- Chahuites Location in Mexico
- Coordinates: 16°17′N 94°12′W﻿ / ﻿16.283°N 94.200°W
- Country: Mexico
- State: Oaxaca

Area
- • Total: 160.75 km^{2} (62.07 sq mi)

Population (2005)
- • Total: 9,929
- Time zone: UTC-6 (Central Standard Time)

= Chahuites =

 Chahuites is a town and municipality in Oaxaca in south-eastern Mexico. The municipality covers an area of 160.75 km^{2}.
It is part of the Juchitán District in the west of the Istmo de Tehuantepec region

As of 2005, the municipality had a total population of 9,929.

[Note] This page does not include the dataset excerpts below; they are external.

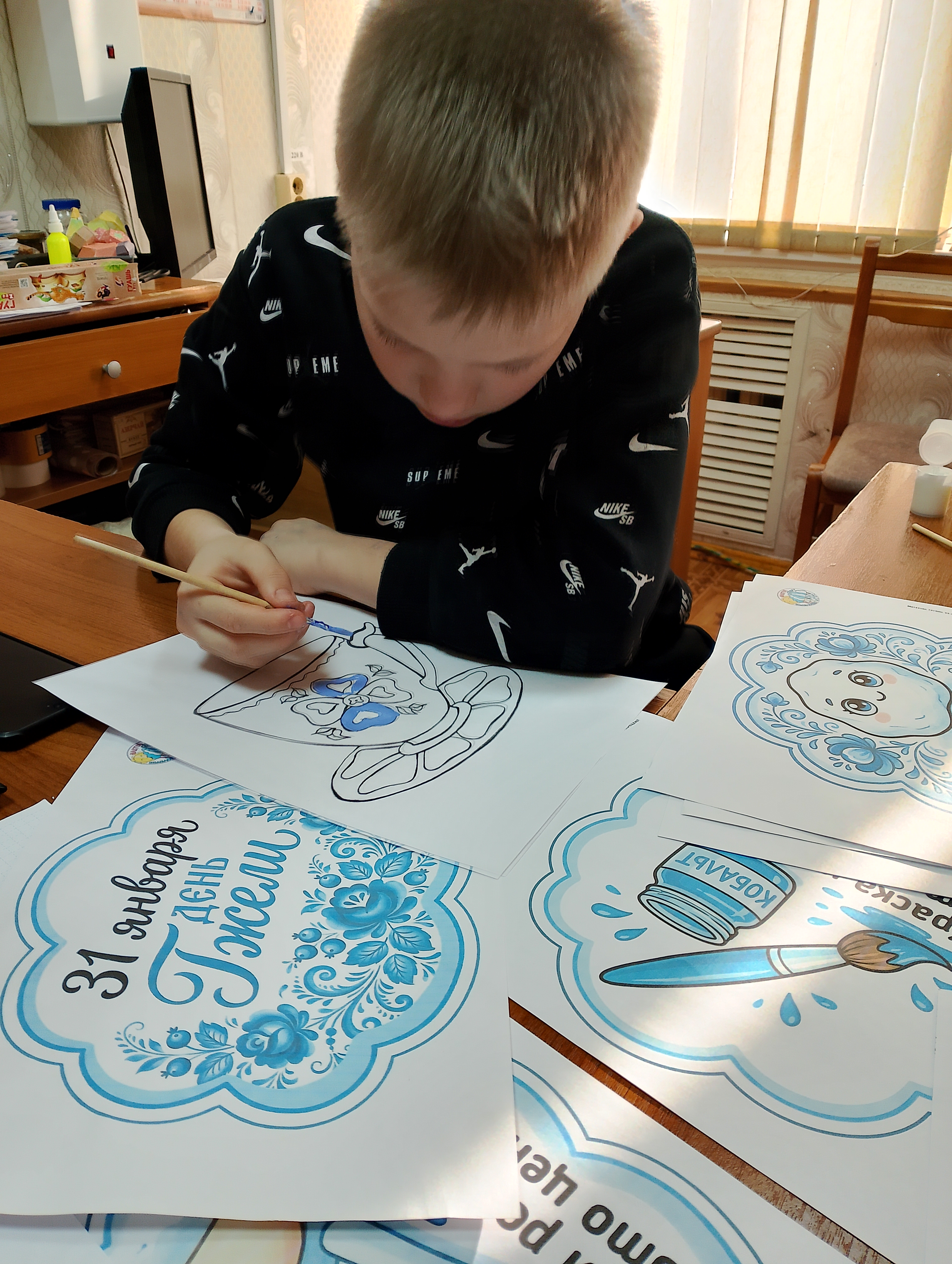 31 января –отмечается " День Гжели". Гжель - это древнерусская народная роспись, характеризующаяся своими узорами, голубой и белой гаммой. В нашем Центре специалист по работе с семьей с детьми украшали блюдца и тарелки в стиле гжель. Это стало увлекательным занятием для детей. В начале с детьми поговорили об истории и традициях росписи в стиле Гжель, посмотрели примеры изделий с этим орнаментом. Затем ребята сами создали украшение для своего изделия, используя элементы этого стиля.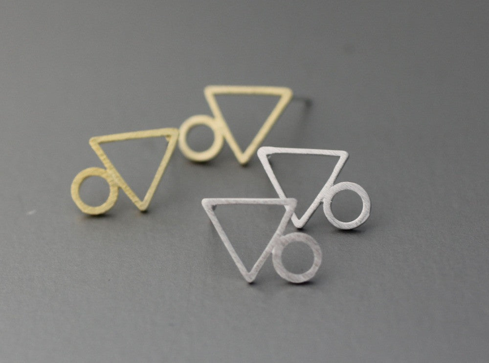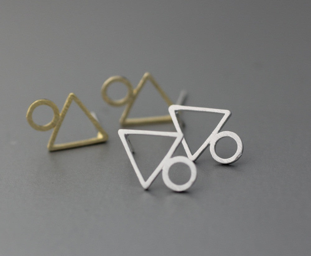 10Pairs-S084 Gold Silver and Rose Gold Triangle Circle Stud Earring Tri ce Earrings Triangle Geometry Earrings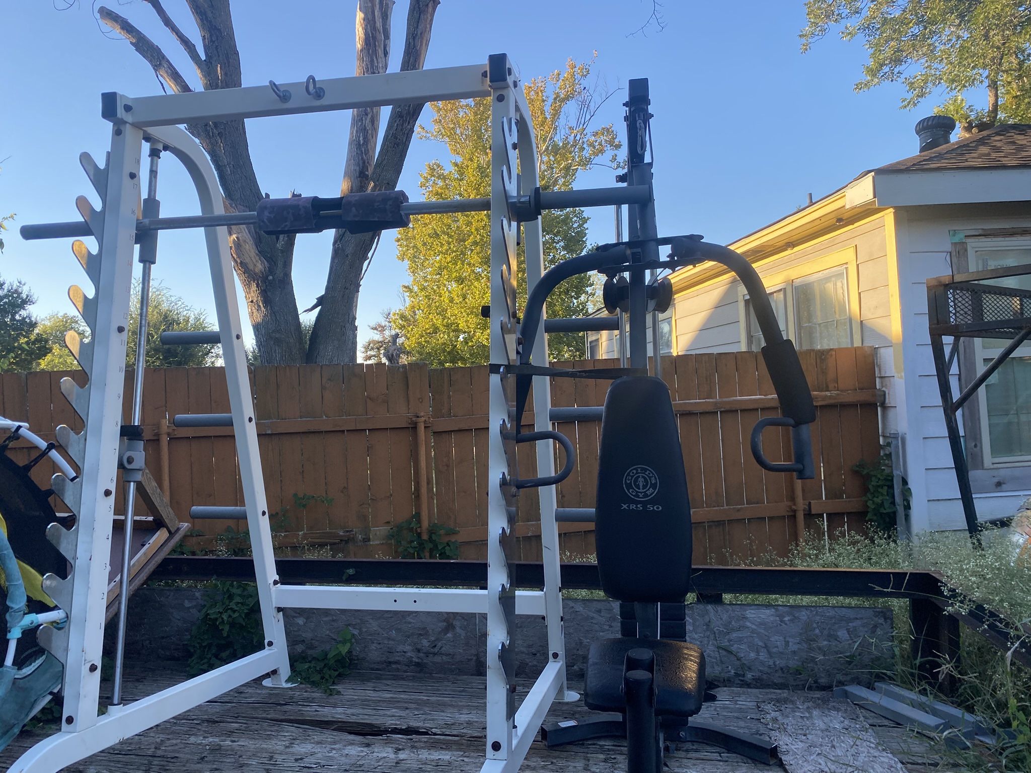 smith machine come with bench ,bar bunch of plates ,and the other machine next to it negotiable text me and ill send you a video of everything

Chahuites is nowadays among the most important mango producers in Mexico. Its production is mainly exported to United States of America, Canada and Europe.

==History==

The history of Chahuites goes back to 1895, when the Román Ramírez and Gamboa families choose this region to establish their homes. They built with palm and wood on a high piece of land surrounded by vegetation. While living in this region, the first settlers were surprised by the discovery of dens of mouse-like animals known as tuza, because of this discovery the settlers decided to name the place "El Tuzal". Over time more settlers like the Zacarías brothers and Juvencio Fuentes arrived in the region.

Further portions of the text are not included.